Seminar: Structured Numerical Method for Path-Graph Network Optimal Control Problems, 31st March, 1PM

When: Thursday 31st of March, 1PM AEDT

Where: The talk will be partially presented at the Rose Street Seminar area (J04) and partially online via Zoom, RSVP here.

Speaker: Armaghan Zafar

Title: Structured Numerical Method for Path-Graph Network Optimal Control Problems

Abstract:

A structured numerical method will be presented for solving a class of constrained network optimal control problems with discrete-time dynamics arising from the path-graph interconnection of N heterogeneous sub-systems.
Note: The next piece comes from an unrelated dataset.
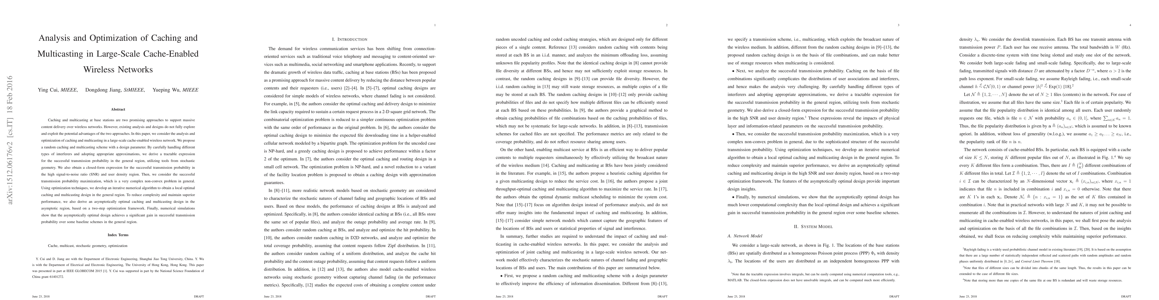 This paper analyzes and optimizes caching and multicasting in large-scale wireless networks to enhance content delivery. It proposes a random caching and multicasting scheme, deriving tractable expressions for successful transmission probability and developing an iterative algorithm for optimization, achieving significant gains over baseline schemes.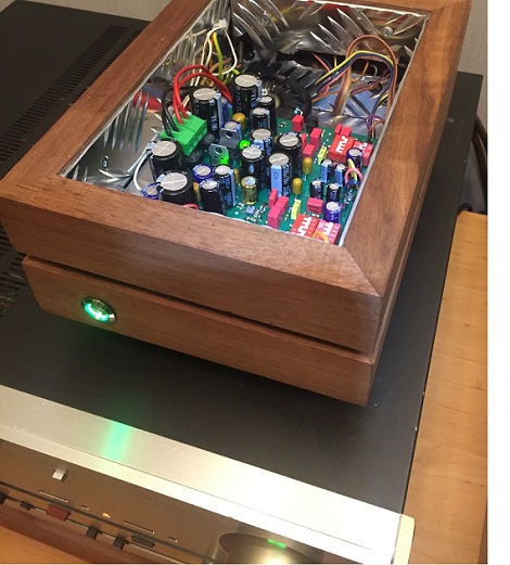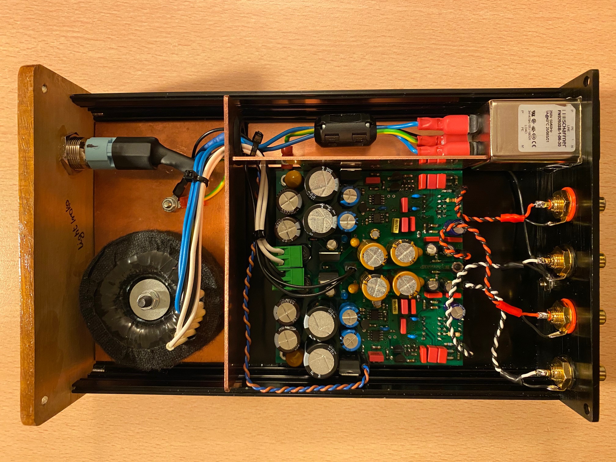 Noooo :D jest efekt WOW :) Fajnie wygląda drewniany froncik i ta blacha miedz wygląda super :) Co do obrócenia płyty. No cóż, chciałem maksymalnie odsunąć złącza wejściowe od kabli sieciowych Niby jest ekranowany filtr, załóż chociaż jakąś kostkę ferrytową na te przewody sieciowe. Coś w ten deseń

Structured dynamics of this kind are relevant in the operation of irrigation channels, vehicle platoons, supply chains, and radial power networks. The size of the optimization problem grows with increase in the number of sub-systems N and the time horizon T. To solve large instances of such problems, involving potentially millions of variables, it is imperative to exploit the special spatio-temporal structure. In this talk, a structured preconditioned conjugate gradient (PCG) based solver is presented for implementing the Newton updates in second-order methods such as primal-dual interior point methods. The arithmetic complexity of each PCG step is O(NT ). The proposed preconditioning involves a fixed number of block Jacobi iterations per PCG step. A decreasing analytic bound on the effective conditioning is given in terms of this number. The associated computations are decomposable across the spatial and temporal dimensions of the optimal control problem, into sub-problems of size independent of N and T. Numerical results are provided for two example systems.

Bio:

Armaghan Zafar received his B.Sc in Electrical Engineering from UET Peshawar, Pakistan in 2013 and M.Sc in Electrical Engineering from NUST Islamabad, Pakistan in 2015. In 2017, he joined the Department of Electrical and Electronic Engineering, the University of Melbourne, Australia to pursue his Doctor of Philosophy (PhD) in Systems, Control and Automation Engineering. He received his PhD degree in July 2021. In January 2022, he joined the Australian Center for Field Robotics, the University of Sydney, Australia as a Postdoctoral Research Associate. His research interests lie in optimal control and convex optimization. He was involved in the development of structured and scalable numerical algorithms for the optimal control of large-scale path-graph networked systems such as automated water irrigation channels. Currently, his research is focused on building methods and theory in persistent monitoring and team orienteering for the observation and control of processes with complex and unstable spreading dynamics such as epidemics and wildfires.